The priest's travel companion proceeded to throw down the free drinks like he was a one man focus group for testing a new make of communion wine.  I mean, this poor waitress couldn't keep up with him fast enough.  After eavesdropping on their conversations about bishops, orphanages, and business class tickets purchased by the archidioses, I realized they were both priests.  Apparently euro denim manpris are the new reform attire.  The un-eucharized communion wine kept flowing and very soon after, Father Euro Shorts decided he needed to take a break to use the facilities.  Unfortunatley, he never made it. Where he did make it was faceplanted on top of me on a couch in the business lounge.  I believe he passed out for a quick second or two before he rolled off of me on to the floor, in to the coffee table which in turn spilled my drink all over his euro shorts. Essentially, as a result it appeared as if he had urinated himself.  Ironic, but not. 

Welp, it was clear that spot wasn't working out for me, so I packed it up and moved closer to the waterfall.  Spiritual peace wasn't in the cards for me this everning, so I thought I'd go for a more natural approach.  The waitress brought me over a drink to replace the one that had spilled and asked me, "Just don't get as drunk as those priests over there, OK?".  Now, I will admit, once or twice in my life, I have embibed myself a tad too much, and those faithful steads with me have had to, ON OCCASION help steer me back on course.  I've gotten the, "Don't be that guy", the, "Hey buddy slow down, there's enough open bar for everyone", perhaps even the, "Jeff, it's really not acceptable to pop bottles at staff meetings", but never have I been advised to not to get as drunk as a priest.  That one, is one for the books. 

I finish my replacement cocktail and my replacement samosas (Ok, lets not lie, the orignial samosas were long gone before Father St.
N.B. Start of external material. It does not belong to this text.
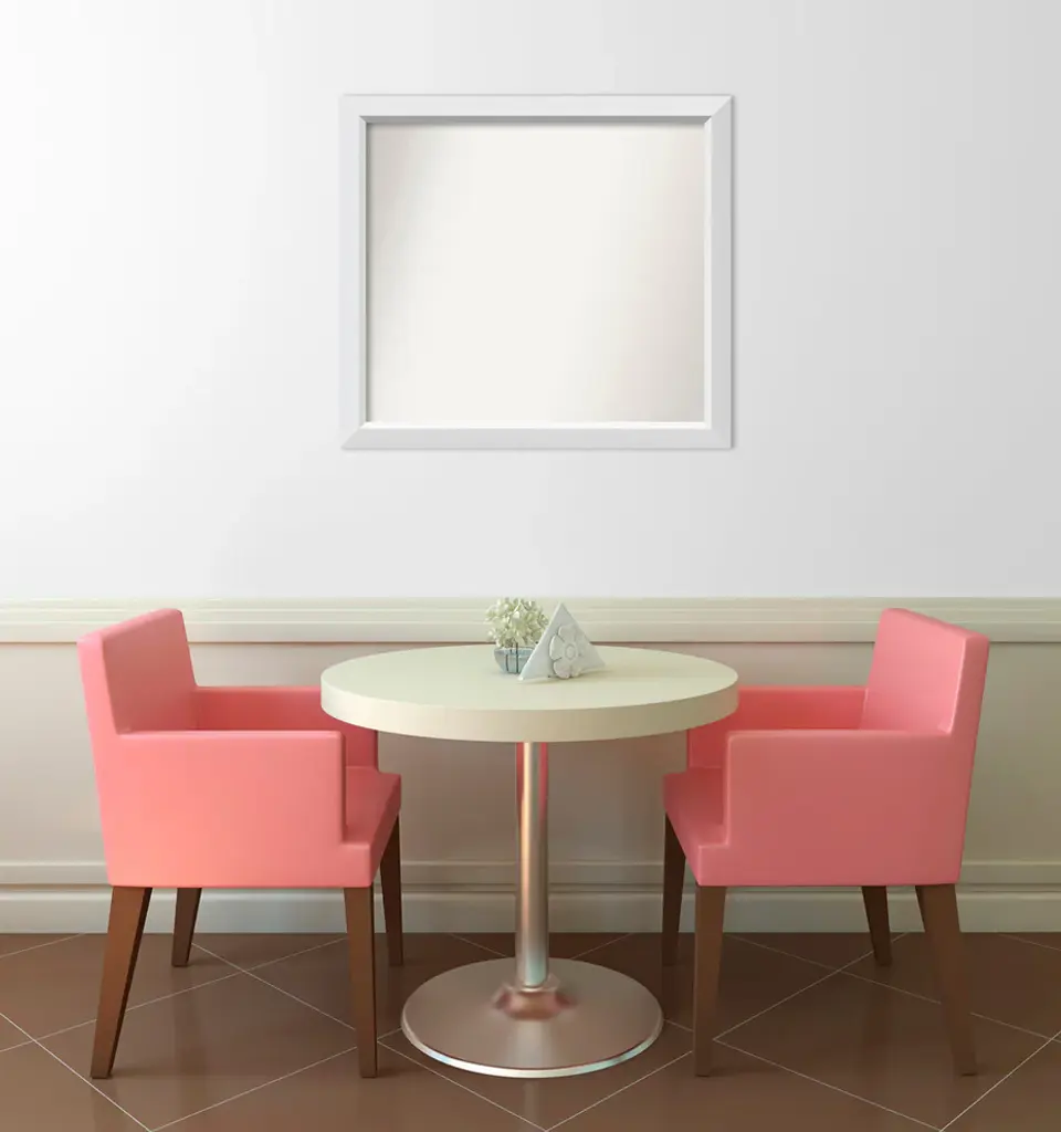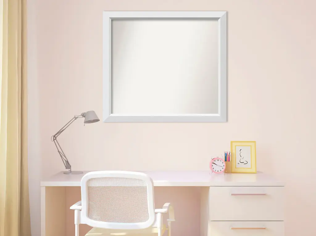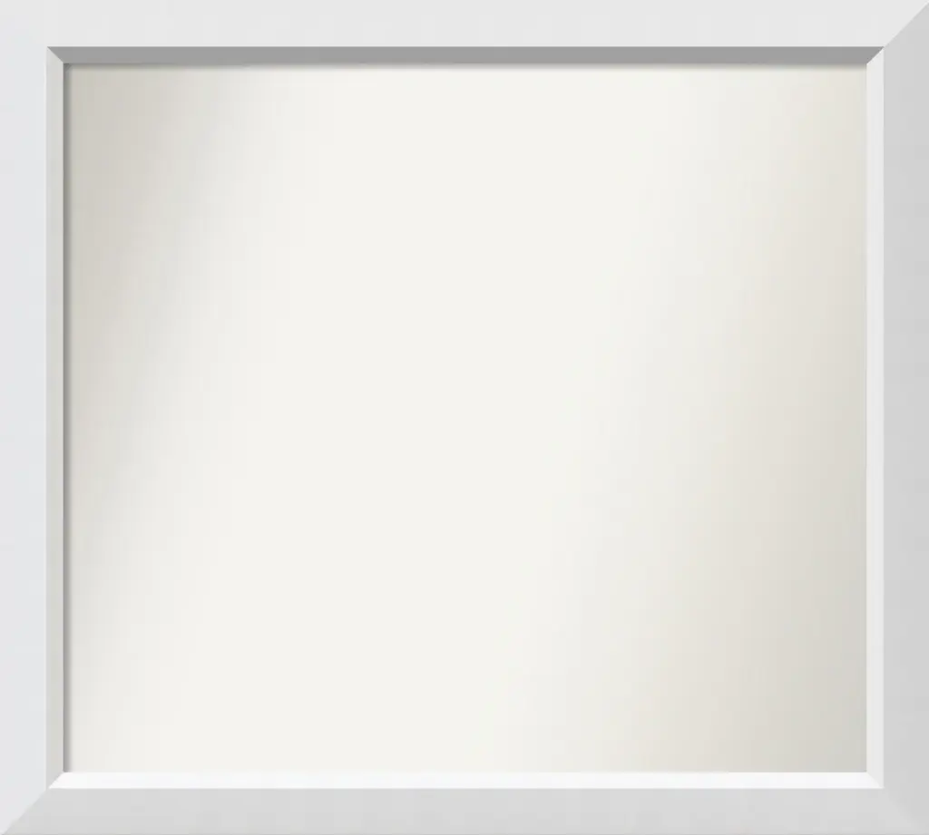 Give your home or office the finishing touch with this custom wood Non-Beveled Wall Mirror framed with the Blanco White frame. Individually made using traditional custom framing techniques, it has the quality you would expect from your local frame shop. It holds its value with premium finishing that can be appreciated up close.Features: • MIRROR DETAILS: This mirror features premium glass for a clear, undistorted image and has a non-beveled surface to maximize the viewing area. The overall size of this custom wall mirror measures 29.5 x 26.5 inches, including the frame. Its reflective area measures 26 x 23 inches.• FRAME DETAILS: The Blanco White Frame is a geometric white frame with a flat face and an angled inner edge with a smooth satin finish. The frame is 2 in. wide and stands 1.25 in. off the wall.• PROTECTIVE BACKING: This wall mirror is finished with a solid surface backing to ensure stability and prevent moisture and dust buildup.• HASSLE-FREE HANGING: All mirrors have durable hanging hardware attached to the back to hang vertically or horizontally, along with hanging hooks and nails.• ASSEMBLED IN THE USA: Each piece is assembled to order in Madison, WI USA.• FOR HOME OR COMMERCIAL USE: Because of our attention to detail and focus on artistry, architects, interior designers, and homeowners alike choose this mirror to create beautiful living spaces.

Jameson knocked all my stuff over), and headed to the gate to board my overnight flight to Amsterdam.  I get on the plane and there's somoene sitting in my seat, my aisle seat.  The lady politely told me to take the window seat, the aisle seat is for her.  Don't mess with my aisle seats on international flights.  Simple fix, I just pulled out my boarding pass, rubbed my knee caps a little bit and told her I'm sorry I really need to take the aisle because of my bad knees.  Ok fine, I don't have bad knees, but I work for an NGO and we can't fly business class because "we're a charity" and so therefore I have to make sure I have ample access to the KLM wine ladies so I can drink myself to sleep.  My seat pirate was not happy with this and got up and moved to someone else's aisle seat, and promptly got kicked out.  I could tell she had travel companions around me as she went up to the flight attendant and pleaded her case gesturing towards me and everyone else on the plane. 
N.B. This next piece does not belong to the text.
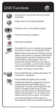 DVR Functions, continued • Press SKIP FWD to skip ahead about 30 seconds in the program. + + • Press PAUSE and then press BACK to reverse the program in slow motion at 1/4 the speed of normal play. Press BACK again to reverse at normal speed. • Press PAUSE and then press FWD to forward the program in slow motion at 1/15 the speed of normal play. Press FWD twice to forward at 1/4 as fast as normal play. Press FWD three times to play the program.

We're about ready to push back, and I see the gate agent come on to the plane with that infamous "list". You know what list I'm talking about, the 1993 prefeorated computer paper print out with the holes on the side, when they have to awkardly pull somoene off the plane for some sort of "ticketing mishap".  Gulp.  I know things have calmed down since 9/11, but I still have a slight fear that sometimes my last name, tan skin, and usually non-shaved face create a perfect combo for a "ticketing mishap" right before take off.  I see her coming down my aisle.  Printout in hand, two boarding passes in hand, peering up at the row numbers, stopping at mine.

"Sir, boarding pass please".  Looking at her as if she held my life in my hands, contemplating how I'm going to explain to my boss why I got thrown off the overnight flight out of Uganda, wondering why my love for free wine on long flights has caused me to act so ruthlessly, I hand my ticket over to her.  She looks at, looks at her list, rips it it half, puts in her pocket. 

"Its your lucky day, Mr. Haddad, you've been upgraded to business class".  I actually said to her, "You're shitting me?!".  Not good, not polite, I know, I'm sorry, Lois.  She said, "I'm not shitting on you, and they certainly won't in business class either". 

And, herein, as a result, my first complete blog post.  Hope it was as enjoyable for you to read as it was for me to write.  Cheers.